I thought zero mq has to be agnostic for the underlying network topology but it seems it is not. How does every node knows what to forward and what to not (for e.g. : in eth network , where there can be millions subscriber and publisher , message tree does not sound a feasible to me . What about the hops that do not even know about the existence of zero mq , how would they forward packets to subscribers connected to them , for them it would be just a normal packet , so they would just forward multiple copies of data packets even if its the same packet ?
I am not networking expert so may be I am missing something obvious about message tree and how it is even created ?
Could you please give certain example cases how this distribution tree is created and exactly which nodes are xpub and xsub sockets created ?
Is device (term used in the link) something like a broker , in the whole article it seemed like device is just any general intermediary hop which does not know anything about zero mq sockets (just a random network hop) , if it is indeed a broker kind of thing , does that mean for pub sub , all nodes in messaging tree have to satisfy the definition of being a device and hence it is not a broke less design ?
Also in the tree diagram (from the link , which consist P,D,C) , I initially assumed C and C are two subscribers and P the only publisher (D just random hop), but now it seems that we have D as the zero mq . Does C subscribes to D and D subscribes to P ? or both the C just subscribe to P (To be more generic , does each node subscribe to its parent only in the ).
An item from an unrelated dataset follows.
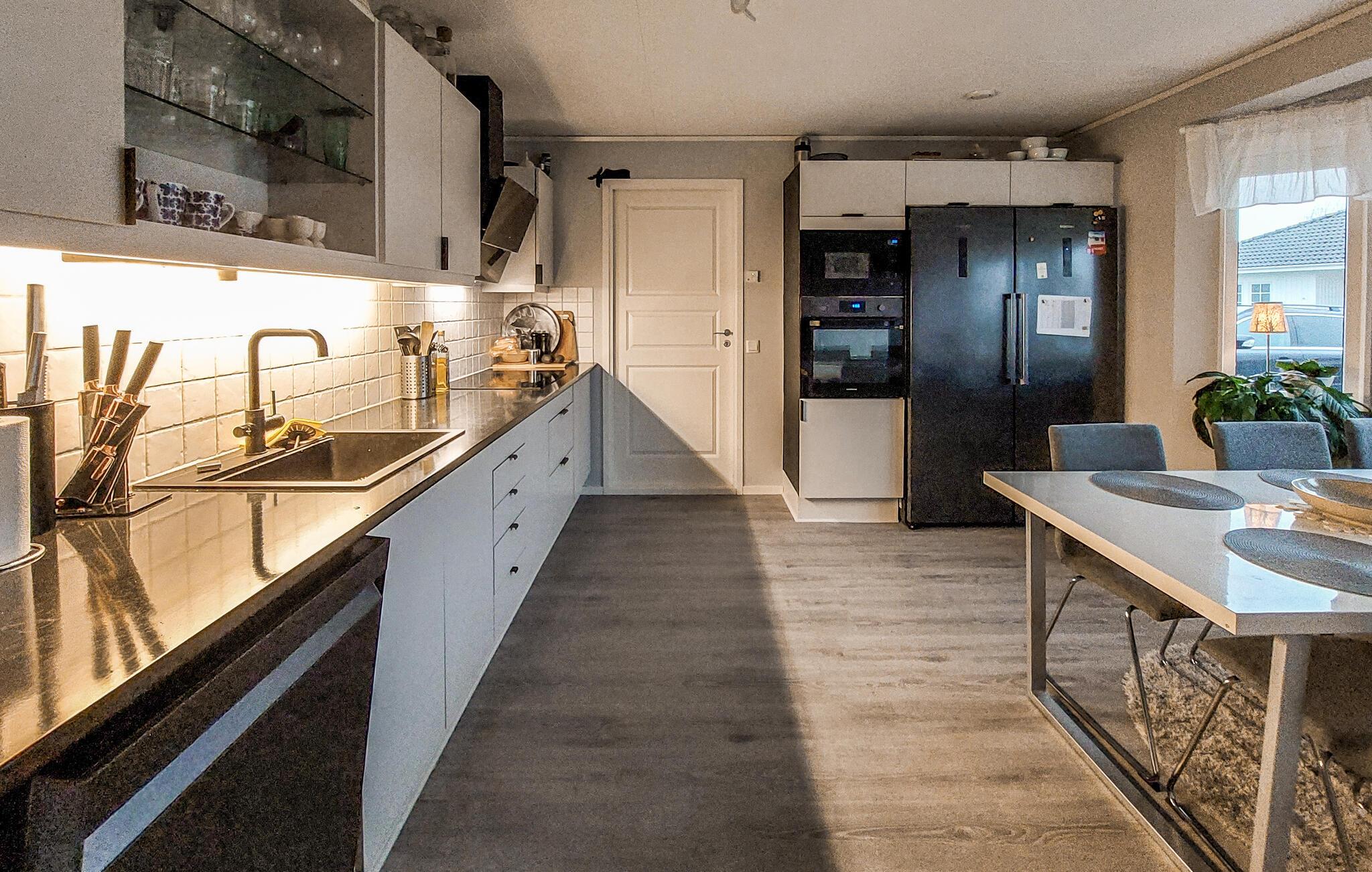Huset er fuldt udstyret og byder på en smagfuld indretning, hvor I virkelig kan slappe af og føle jer hjemme fra dag ét. De forskellige rum er kærligt udsmykket, og indvendigt emmer det af en behagelig og nærmest hjemlig atmosfære. Nyd godt af de gode faciliteter og tag jer god tid med madlavningen i køkkenet, mens andre hygger sig med kortspil eller en god bog i den store sofa. Om aftenen står den på filmhygge med gode snacks, og på de varme sommerdage lokker den solrige terrasse jer uden for, hvor I kan slænge jer i havemøblerne og tænde op i grillen på de magiske sommeraftener.

Sorry for the novice question but it seems i am missing on something obvious here, it would be nice if some one can give more insights.
zeromq uses the network to establish a connection between nodes directly (e.g via tcp), but only ever between 1 sender and 1-n receivers. These are connected "directly" and can exchange messages using the underlying protocol.
Now when you subscribe to only certain events in a pub-sub scenario, zeromq used to filter out messages subscriber side causing unnecessary network traffic from the publisher to at least a number of subscribers.
In newer versions of zeromq (3.0 and 3.1) the subscriber process sends its subscription list to the publisher, which manages a list of subscribers and the topics they are interested in. Thus the publisher can discard messages that are not subscribed too by any subscriber and potentially send targeted messages at only interested subscribers.
When the publisher is itself a subscriber of events (e.g. a forwarding or routing device service) it might forward those subscriptions again by similarly subscribing to its connected publishers.
I am not sure whether zeromq still does client side filtering in newer versions even if it "forwards" its subscriptions though.
A more efficient mechanism for pub/sub to multiple subscribers is to use multicast whereby a single message traverses the network and is received by all subscribers (who can then filter what they wish).
ZeroMQ supports a standardised reliable multicast called Pragmatic General Multicast.
These references should give you an idea how it all works. Note that multicast generally only works on a single subLAN and may need router configuration or TCP bridges to span multiple subLANs.